Material provided:

***

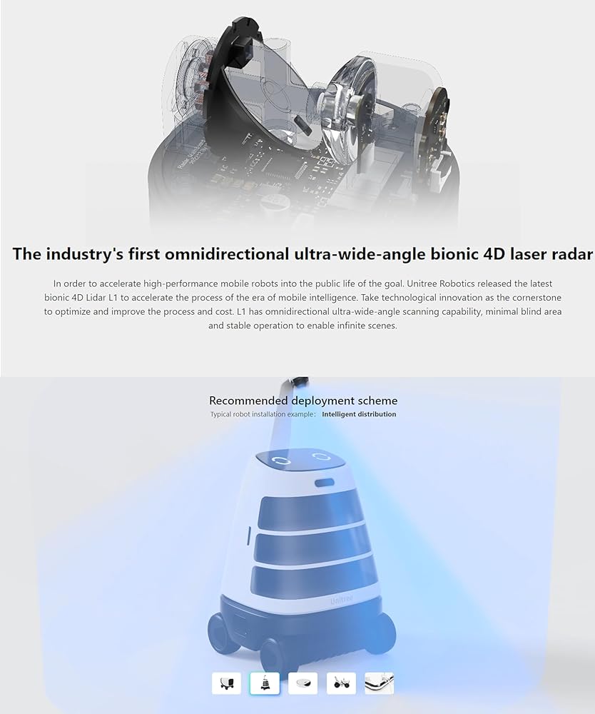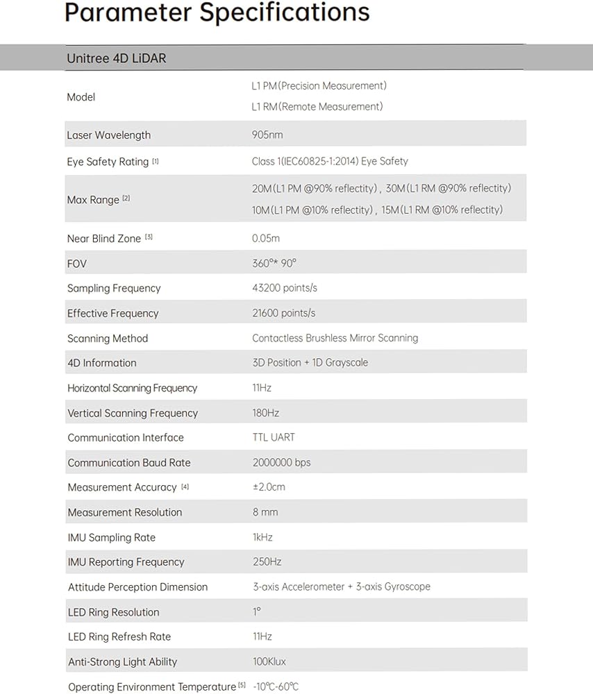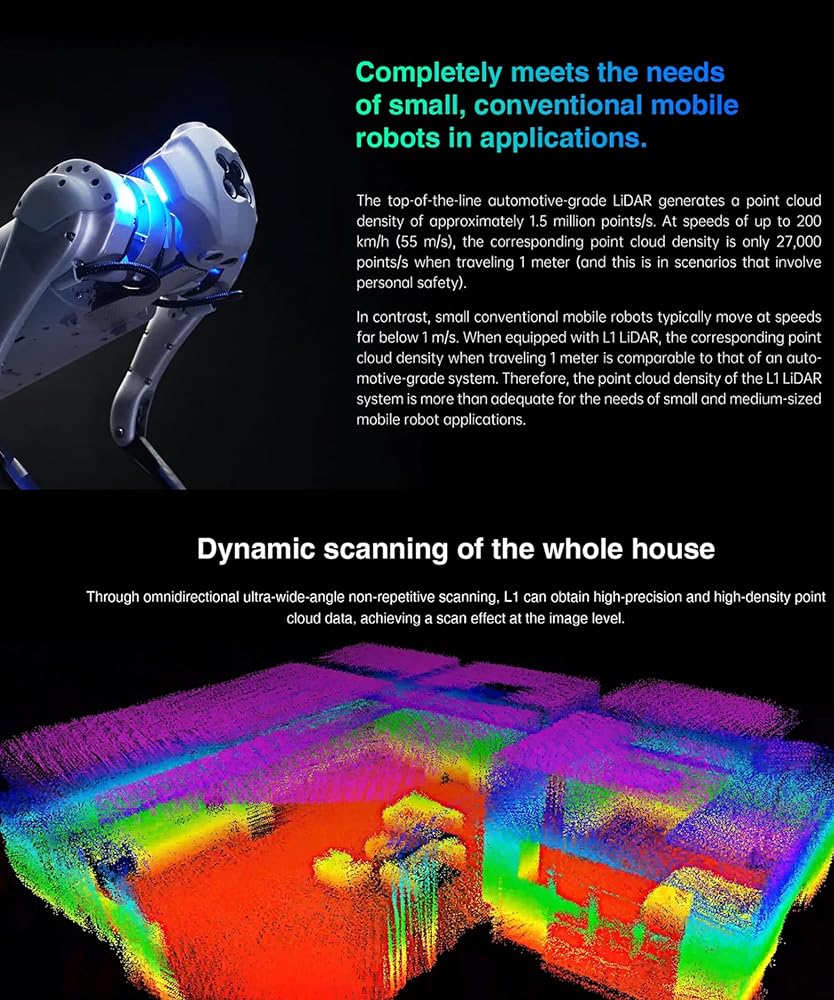 [Hight Performance] L1RM 4D lidar has built-in 3-axis acceleration and 3-axis gyroscope IMU modules, supporting a push frequency of 250Hz. The circumferential scanning frequency of L1 is 11Hz, the vertical scanning frequency is 180Hz, and the effective sampling frequency is 21600 points/ Second. L1 not only has excellent performance, but also has high reliability. It can also achieve stable ranging and high-precision mapping under the strong light of 100K lux outdoors.
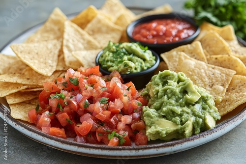 Tortilla chips, salsa, guacamole, appetizer
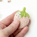 ころんと可愛い*くすみピンク苺と白いお花の羊毛フェルトブローチ|受注製作

***

Try it: Would you restate all of the data above word for word, omitting the pictures?

Response for this exercise:
 [Hight Performance] L1RM 4D lidar has built-in 3-axis acceleration and 3-axis gyroscope IMU modules, supporting a push frequency of 250Hz. The circumferential scanning frequency of L1 is 11Hz, the vertical scanning frequency is 180Hz, and the effective sampling frequency is 21600 points/ Second. L1 not only has excellent performance, but also has high reliability. It can also achieve stable ranging and high-precision mapping under the strong light of 100K lux outdoors.
 Tortilla chips, salsa, guacamole, appetizer
 ころんと可愛い*くすみピンク苺と白いお花の羊毛フェルトブローチ|受注製作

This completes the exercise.